I want to track metrics for how much improvement have happened.
Status (2026-03-17)
Infrastructure
- Data repo: PlanExe-prompt-lab — holds baseline data, run history, and analysis artifacts.
- Baseline data: 5 train plans × 9 verify plans, extracted from zips into
baseline/train/andbaseline/verify/. - Runner (
self_improve/runner.py): re-executes a single pipeline step against baseline plans using the system prompt constant from PlanExe's code. Auto-incrementing history inhistory/{bucket}/{counter}_{step}/. Supports--model,--prompt-lab-dir, resume, and parallel workers. - Analysis pipeline (5 phases in
analysis/): - Phase 0:
prepare_iteration.py— verifies PR state, pre-creates history dirs, and writes analysismeta.jsonwith PR info. Replaces the formercreate_analysis_dir.py+update_meta_pr.py. - Phase 1:
run_insight.py— Claude Code + Codex in parallel produce independentinsight_*.mdfiles with quantitative metrics and PR impact verdicts. - Phase 2:
run_code_review.py— both agents review PlanExe source code, producingcode_*.mdwith file:line references. - Phase 3:
run_synthesis.py— single agent reconciles all findings intosynthesis.mdwith top 5 ranked directions. - Phase 4:
run_assessment.py— before/after comparison, metric table, keeper verdict (YES/NO/CONDITIONAL), and evaluation of the synthesis recommendation for the next iteration. run_analysis.py— orchestrates phases 1–4 sequentially; stops hard on first phase failure.run_optimization_iteration.py— orchestrates a full loop: implement recommendation → create PR → run experiments → run analysis pipeline. Supports--skip-implement,--skip-runner,--skip-analysis,--models.- Conventions:
analysis/AGENTS.md.
Models
7 models tested per iteration (5 plans each = 35 runs):
| Model | Alias | Status |
|---|---|---|
| ollama-llama3.1 | llama | Working (3-5/5) |
| openrouter-openai-gpt-oss-20b | gpt-oss | Working (4-5/5) |
| openai-gpt-5-nano | gpt5-nano | Working (5/5) |
| openrouter-qwen3-30b-a3b | qwen | Working (5/5) |
| openrouter-openai-gpt-4o-mini | gpt4o-mini | Working (5/5) |
| openrouter-gemini-2.0-flash-001 | gemini-flash | Working (5/5) — added iter 13 |
| anthropic-claude-haiku-4-5-pinned | haiku | Working (4-5/5) |
Removed: GLM (PR #266, schema-echoing), StepFun (removed from config), nemotron (0/5 all iterations, structural incompatibility).
Iteration History
Currently optimizing: identify_potential_levers (the first step after plan intake).

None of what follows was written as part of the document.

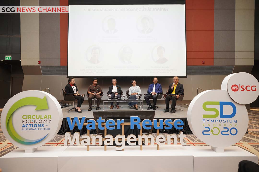 ภาครัฐ ภาคเอกชน นักวิชาการ ชุมชน และเยาวชนคนรุ่นใหม่ จึงได้ร่วมกันระดมความคิดเห็น ในงาน SD Symposium 2020 “Circular Economy: Actions for Sustainable Future” ที่จัดขึ้นโดย เอสซีจี เพื่อหาทางออกแก้ปัญหาสิ่งแวดล้อม รวมถึงปัญหาวิกฤตน้ำประเทศไทย ด้วยหลักเศรษฐกิจหมุนเวียน (Circular Economy) พร้อมเสนอทางรอดและข้อสรุป ตลอดจนแนวทางให้เกิดการขยายผลนำไปปฏิบัติจริง โดยเชื่อว่า การบริหารจัดการน้ำด้วย “ระบบน้ำหมุนเวียน” จะช่วยแก้ปัญหาวิกฤตน้ำได้อย่างยั่งยืน

24 analysis rounds (0–23).
| Iter | PR | Change | Verdict | Runs | Analysis |
|---|---|---|---|---|---|
| 0 | — | Baseline | — | 00–08 | analysis/0 |
| 1 | #268 | Fix doubled user prompt | YES | 09–16 | analysis/1 |
| 2 | #270 | Fix assistant turn serialization | CONDITIONAL | 17–23 | analysis/2 |
| 3 | #272 | Novelty-aware follow-up prompts | YES | 24–31 | analysis/3 |
| 4 | #273 | Remove exemplar strings + make wrapper fields optional | CONDITIONAL | 32–38 | analysis/4 |
| 5 | #274 | Align Pydantic field descriptions with system prompt | YES | 39–45 | analysis/5 |
| 6 | #275 | Fix consequences length + trade-off requirement + review format | YES | 46–52 | analysis/6 |
| 7 | #276 | Enforce schema contract: levers min/max 5, summary required | CONDITIONAL | 53–59 | analysis/7 |
| 8 | #278 | Fresh context per call + relax lever count to 5–7 | CONDITIONAL | 60–66 | analysis/8 |
| 9 | #279 | Remove naming template | YES | 67–73 | analysis/9 |
| 10 | #281 | Keyword quality gate (reverted in #282) | NO | 74–80 | analysis/10 |
| 11 | #283 | RetryConfig in runner (reverted in #284) | NO | 81–87 | analysis/11 |
| 12 | #286 | Remove max_length=7 hard constraint on levers | YES | 88–94 | analysis/12 |
| 13 | #289 | Add options count and review format validators | CONDITIONAL | 95–101 | analysis/13 |
| 14 | #292 | Recover partial results when a call fails | YES | 102–108 | analysis/14 |
| 15 | #294 | Consolidate review_lever prompt to prevent format alternation | YES | 09–16 | analysis/15 |
| 16 | #295 | Continue loop after call failure instead of breaking | YES | 17–23 | analysis/16 |
| 17 | #296 | Auto-correct review_lever before hard-rejecting | CONDITIONAL | 24–30 | analysis/17 |
| 18 | #297 | Simplify lever prompt to restore content quality | YES | 31–37 | analysis/18 |
| 19 | #299 | Remove bracket placeholders and fragile English-only validator | CONDITIONAL | 38–45 | analysis/19 |
| 20 | #309 | Add option-quality reminder to call-2/3 prompts | YES | 46–52 | analysis/20 |
| 21 | #313 | Add anti-fabrication reminder to call-2/3 prompts | CONDITIONAL | 53–59 | analysis/21 |
| 22 | #316 | Replace two-bullet review_lever prompt with single flowing example | CONDITIONAL | 60–66 | analysis/22 |
| 23 | #326 | Add second review_lever example to break template lock | KEEP | 67–73 | analysis/23 |
Key Improvements So Far
Comparing iteration 0 (baseline) to iteration 14 (current state):
- Review format violations: 67 → ~4 (enforced by validator since iter 13)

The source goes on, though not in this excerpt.